▶ [Given information]:

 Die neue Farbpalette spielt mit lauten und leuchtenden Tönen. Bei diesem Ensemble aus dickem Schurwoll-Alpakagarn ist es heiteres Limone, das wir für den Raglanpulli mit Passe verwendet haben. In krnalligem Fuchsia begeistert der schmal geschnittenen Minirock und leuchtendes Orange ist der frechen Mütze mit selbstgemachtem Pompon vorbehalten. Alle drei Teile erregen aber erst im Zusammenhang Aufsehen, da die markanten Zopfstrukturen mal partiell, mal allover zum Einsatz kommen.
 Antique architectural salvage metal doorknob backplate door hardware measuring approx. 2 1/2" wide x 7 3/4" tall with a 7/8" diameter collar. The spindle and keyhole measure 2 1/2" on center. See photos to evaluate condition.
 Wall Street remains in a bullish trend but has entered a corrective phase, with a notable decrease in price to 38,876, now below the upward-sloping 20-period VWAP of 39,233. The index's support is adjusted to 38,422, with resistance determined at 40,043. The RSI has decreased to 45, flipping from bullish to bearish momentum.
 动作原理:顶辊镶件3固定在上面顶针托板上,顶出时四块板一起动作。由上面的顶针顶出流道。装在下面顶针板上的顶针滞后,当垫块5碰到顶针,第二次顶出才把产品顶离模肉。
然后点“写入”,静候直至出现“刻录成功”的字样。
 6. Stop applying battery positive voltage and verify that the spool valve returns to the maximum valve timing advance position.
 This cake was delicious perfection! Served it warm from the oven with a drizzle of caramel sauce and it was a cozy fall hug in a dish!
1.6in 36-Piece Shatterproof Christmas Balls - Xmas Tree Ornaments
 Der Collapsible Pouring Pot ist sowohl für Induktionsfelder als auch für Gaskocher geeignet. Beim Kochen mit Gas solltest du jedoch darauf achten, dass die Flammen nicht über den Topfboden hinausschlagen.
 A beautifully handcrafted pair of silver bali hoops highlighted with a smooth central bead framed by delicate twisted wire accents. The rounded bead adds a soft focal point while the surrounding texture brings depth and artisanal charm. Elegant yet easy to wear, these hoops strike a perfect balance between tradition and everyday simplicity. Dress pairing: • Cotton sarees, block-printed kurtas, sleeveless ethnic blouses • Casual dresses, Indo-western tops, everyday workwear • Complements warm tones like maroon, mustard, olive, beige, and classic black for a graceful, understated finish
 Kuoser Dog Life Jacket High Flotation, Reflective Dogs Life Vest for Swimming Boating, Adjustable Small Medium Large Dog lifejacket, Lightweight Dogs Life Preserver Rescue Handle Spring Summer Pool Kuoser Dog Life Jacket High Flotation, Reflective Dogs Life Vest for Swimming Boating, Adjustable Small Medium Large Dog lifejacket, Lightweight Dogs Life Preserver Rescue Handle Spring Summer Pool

▶ [Required action]:
In the entries above, find the line holding "1.6in 36-Piece Shatterproof" and the line holding "A beautifully handcrafted", then retype exactly those two lines and every line between them, and nothing else.

▶ [Worked solution]:
1.6in 36-Piece Shatterproof Christmas Balls - Xmas Tree Ornaments
 Der Collapsible Pouring Pot ist sowohl für Induktionsfelder als auch für Gaskocher geeignet. Beim Kochen mit Gas solltest du jedoch darauf achten, dass die Flammen nicht über den Topfboden hinausschlagen.
 A beautifully handcrafted pair of silver bali hoops highlighted with a smooth central bead framed by delicate twisted wire accents. The rounded bead adds a soft focal point while the surrounding texture brings depth and artisanal charm. Elegant yet easy to wear, these hoops strike a perfect balance between tradition and everyday simplicity. Dress pairing: • Cotton sarees, block-printed kurtas, sleeveless ethnic blouses • Casual dresses, Indo-western tops, everyday workwear • Complements warm tones like maroon, mustard, olive, beige, and classic black for a graceful, understated finish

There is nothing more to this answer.